HIGHLIGHT ALERT can be used in camera and also in photoshop, lightroom and camera raw to show the overexposed areas in a photo. If shooting in Raw you can then improve these overexposed areas.
The Highlight alert is a very visual representation of any over exposure in a photo.
Photoshop has two triangles in the top of the histogram which are the shadow alert, on the left hand side and the highlight alert on the right hand side.

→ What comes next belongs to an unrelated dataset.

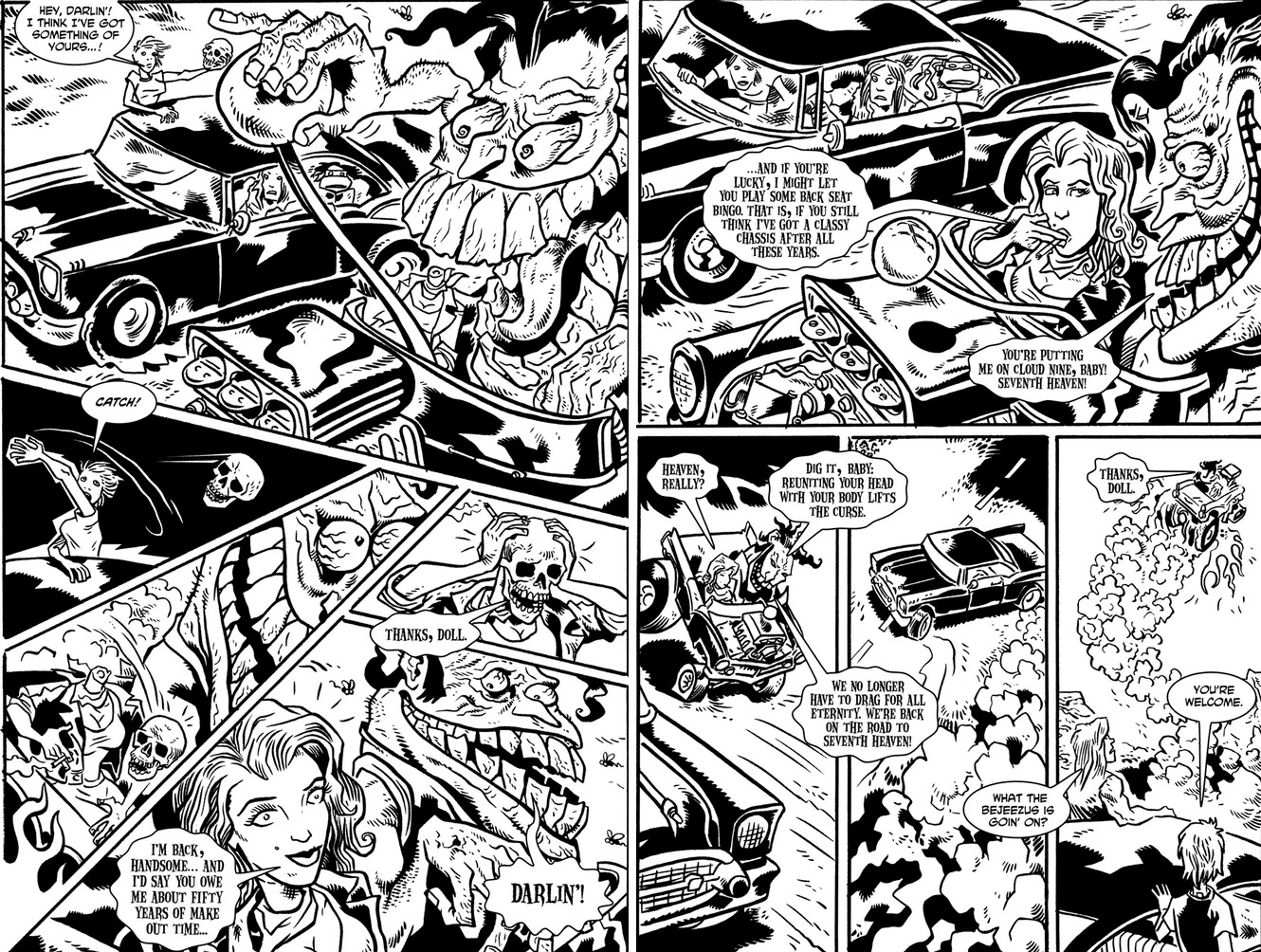 Eines Nachts aber begegnete von Clutch Casey Jones, dessen Tochter Shadow und dem Mutant Michelangelo, nachdem diese von einer Gedenkstunde an Shadows verstorbene Mutter zurück nach New York fahren wollten. Casey ließ sich von von Clutch zu einem Rennen provozieren, welches er höchstwahrscheinlich verloren hätte. Jedoch hatte Shadow kurz vor ihrer Begegnung mit von Clutch einen menschlichen Schädel gefunden - Darlin's Kopf, den sie bei ihrem Unfall anscheinend eingebüßt hatte. Als Shadow die kopflose Darlin' in von Clutchs Wagen sitzen sah, kam sie auf die Idee, Darlin' ihren Kopf wieder zurückzugeben. Durch diese Tat wurde der Fluch gebrochen, und von Clutch, Darlin' und die anderen Geistermotoristen vergingen in Frieden.[1]

Photoshop Tutorial – When you’re making changes to your images in Camera Raw, it’s important that you keep your eye both on the image as well as the histogram, because if you’re making changes, you don’t want to be pushing any of the values in your shadow and your highlights to pure black or pure white. Or if you do do that, you want to make sure that you know that you’re doing it. But because it’s hard to look in both places, there are two icons that will allow you to see your clipping. So if you toggle on the one on the left, that’s going to show our clipping warning in the dark shadow areas, and the one on the right is going to show the clipping of the highlights, or the light areas of the image. The keyboard shortcuts for this are the U key toggles on and off the one for the darks, which is the underexposure and the O key toggles the highlight warning for the light areas, which would be the overexposure. You can then adjust using the black and white sliders.
HISTOGRAM is a statistical representation of the greyscale. It shows how the pixels are distributed by graphing the number of pixels at each of the 256 brightness levels in an image. These brightness levels include black and white.
Black Shadows Exposure Highlights
The photo is underexposed if the histogram touches the Black end of the line, and overexposed if it touches the highlights end of the line.
Some photographers view the histogram on the back of their camera LCD screen after each shot – mostly to check whether there are any tones at the extreme edges (black/underexposed or white/overexposed) as this will indicate a loss of detail in dark or light areas.
There is no right or wrong histogram – it is quick reference to tonal references.
Definition – An image histogram acts as a graphical representation of the tonal distribution in a digital image. It plots the number of pixels for each tonal value. By looking at the histogram for a specific image a viewer will be able to judge the entire tonal distribution at a glance
LIGHT METERING measures the middle grey of an image and uses this measurement as the mid point for the exposure. Very important to ensure that the image is correctly exposed. Use a grey to se the light meter.
COLOUR CHANNELS RGB can be switched off in photoshop to get different hues. In same way that Sergie Gorsky developed his three lens camera and James Clark Maxwell 1855 discovered the three light spectrums to create the first colour photos and his cameras effectively do the same as DSLRs today.
In the photos below you can see how the three images are overlaid and produce the colour image.
RAW vs JPEG – in nearly all circumstances (apart from high speed shooting) all photos should be taken in RAW.
Raw will capture the greyscale – white and black
1 Bit colour =2(1) = 2 Black and White
2 Bit colour = 2(2) = 4 black and white and 2 greys
3 Bit colour = 2(3) = 8 black and white and 6 greys
8 Bit colour = 2(8) = 256 black and white and 254 greys.
etc
higher numbers = more greyscale = richer photos. Use 8 bit colour for black and white photography to ensure richer greys and better black and white printing.
RGB channels = each channel has 256 scales so when you add them all together
Red 256 x Green 256 x Blue 256 = 2 = 16384 greyscales so much greater detail in RAW. JPEG only 256.
When working in photoshop choose higher BIT channel as more details are recorded in the the image.
open – image – mode – channel
Can only adjust colour and tonal range
Cannot print in 16 bit – have to save as 8 bit
To print big size prints save RAW to TIFF – as TIFF will print better tonal values and keep the quality. TIFF files are very large in size compared to JPEGs because no compression is used.
Lossy Compression: Lossy means with data loss. JPEG compression does discard some image data based on the amount of compression used.